DIRECTIONS FOR THIS TASK:
Up to and including the line that holds "HM女士半身裙春季长款百褶A字汗布半身裙1291289", copy every line of the records below exactly, starting at the first; leave pictures out.

○ ○ ○

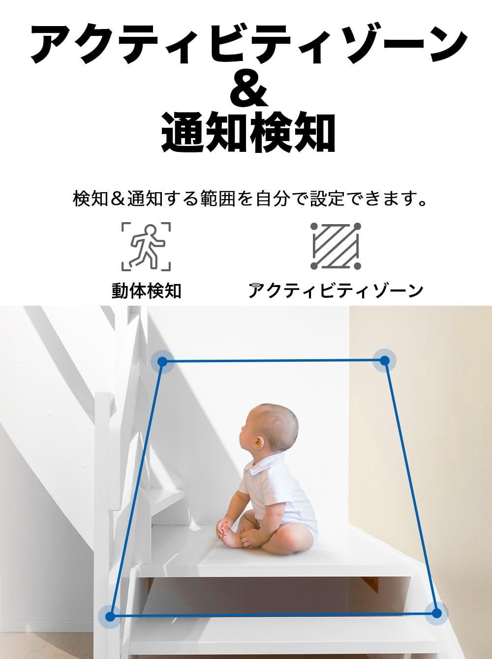 ?? 【AI検知&通知機能】 AIが人物や赤ちゃんの泣き声などを高精度に検出し、スマートフォンに即時通知。通知内容や検知条件はアプリから柔軟にカスタマイズ可能です。
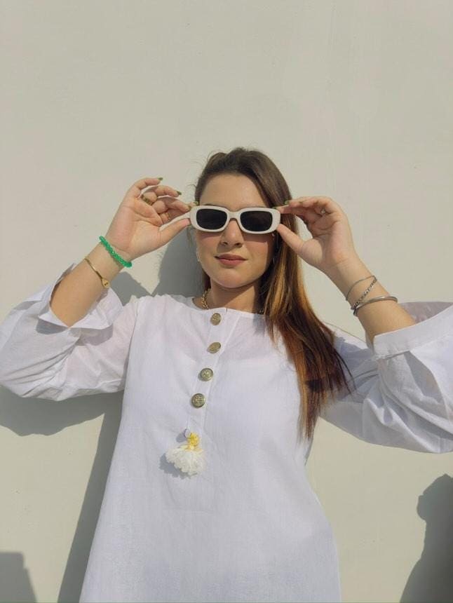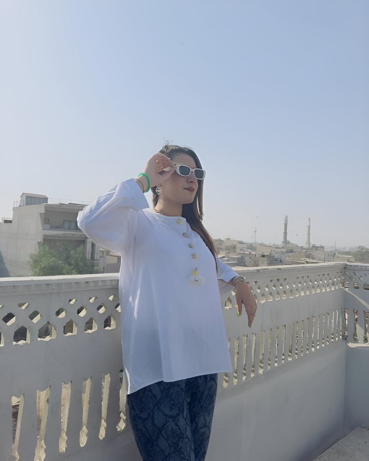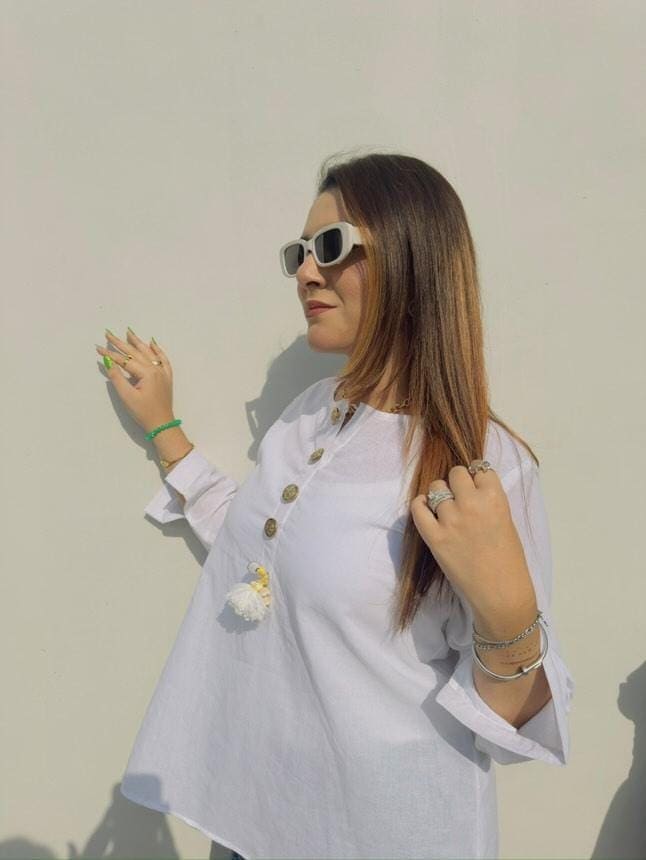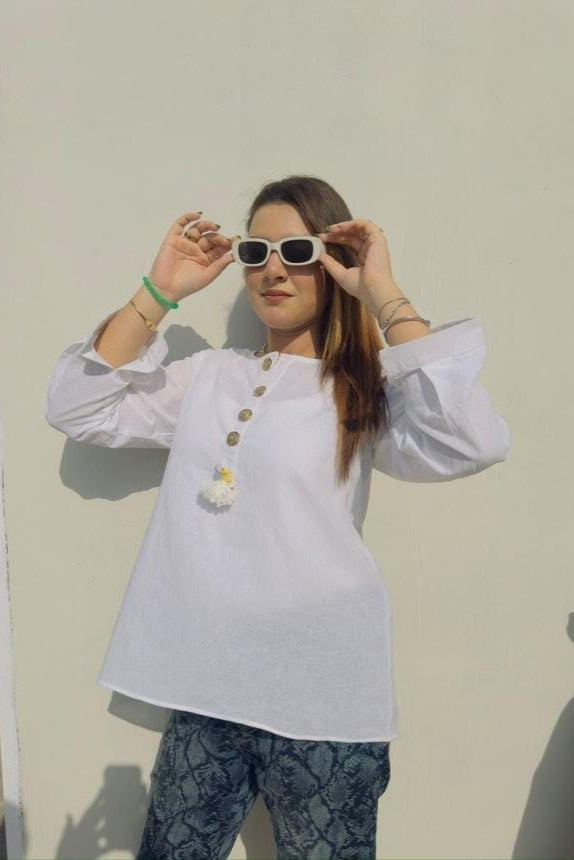 Solid embellished shirt with four large embossed buttons and heavy hanging seashell tussles for a confident look.
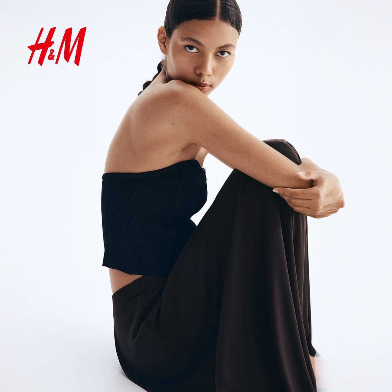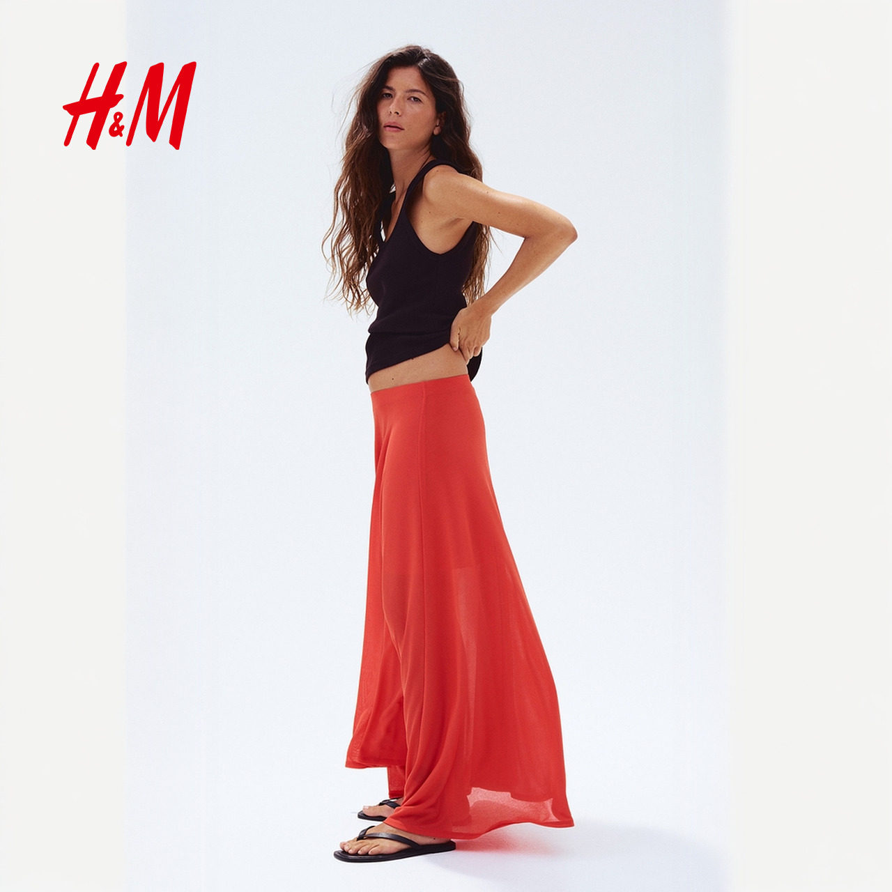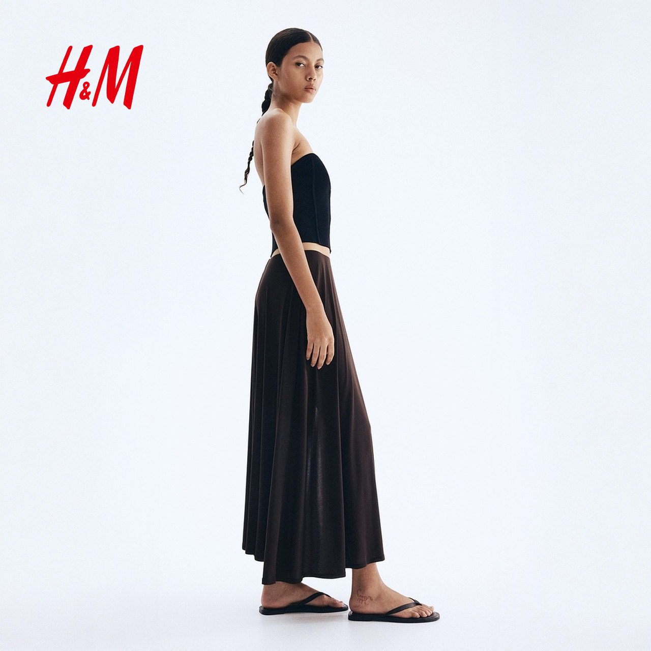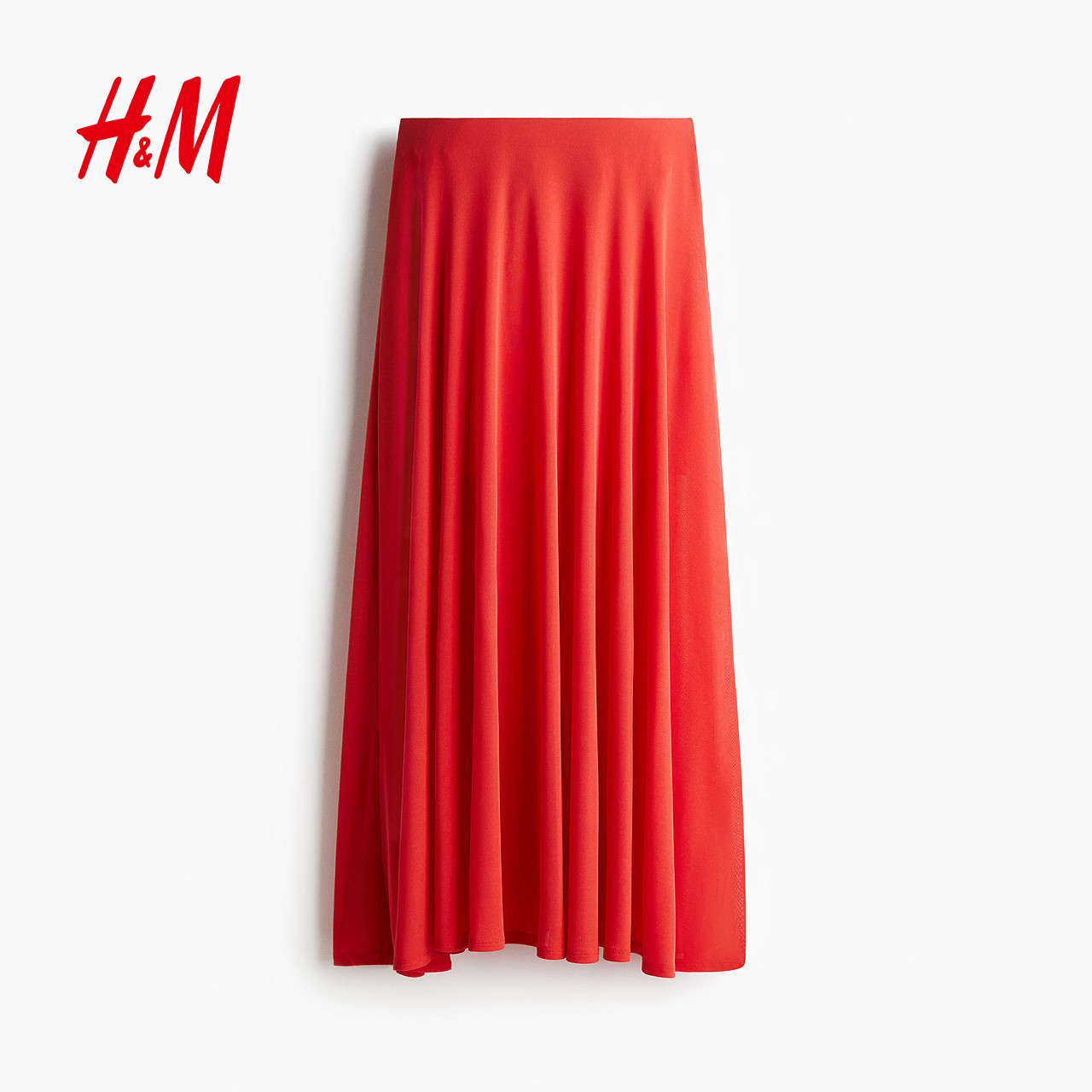 HM女士半身裙春季长款百褶A字汗布半身裙1291289
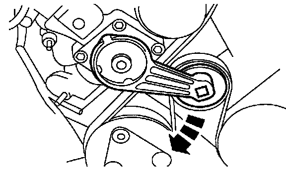 10. Rotate the belt tensioner counterclockwise and remove the belt from the generator pulley.
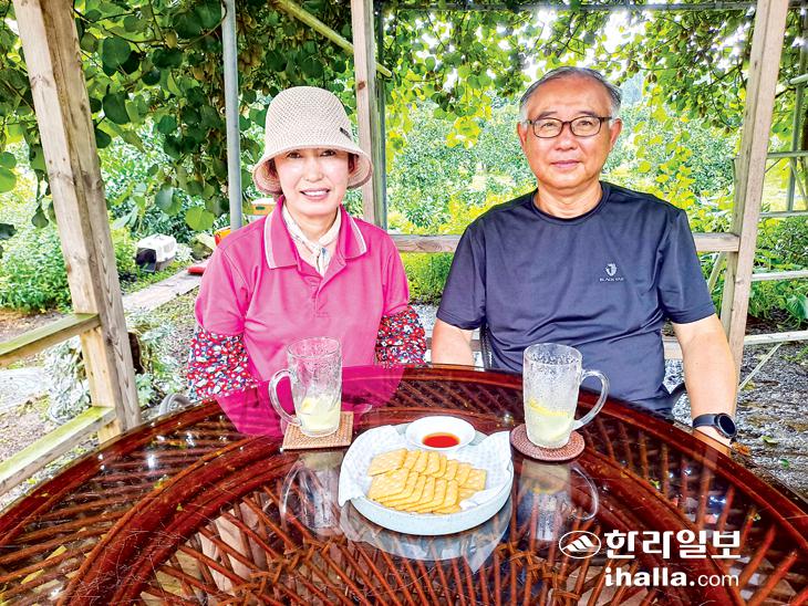 '치유농업'을 소망하는 서귀포시 표선면 세화리 소재 말선명품제주감귤농원에서 만난 노창래(오른쪽)·고말선 부부. 백금탁기자

○ ○ ○

TASK RESULT:
 ?? 【AI検知&通知機能】 AIが人物や赤ちゃんの泣き声などを高精度に検出し、スマートフォンに即時通知。通知内容や検知条件はアプリから柔軟にカスタマイズ可能です。
 Solid embellished shirt with four large embossed buttons and heavy hanging seashell tussles for a confident look.
 HM女士半身裙春季长款百褶A字汗布半身裙1291289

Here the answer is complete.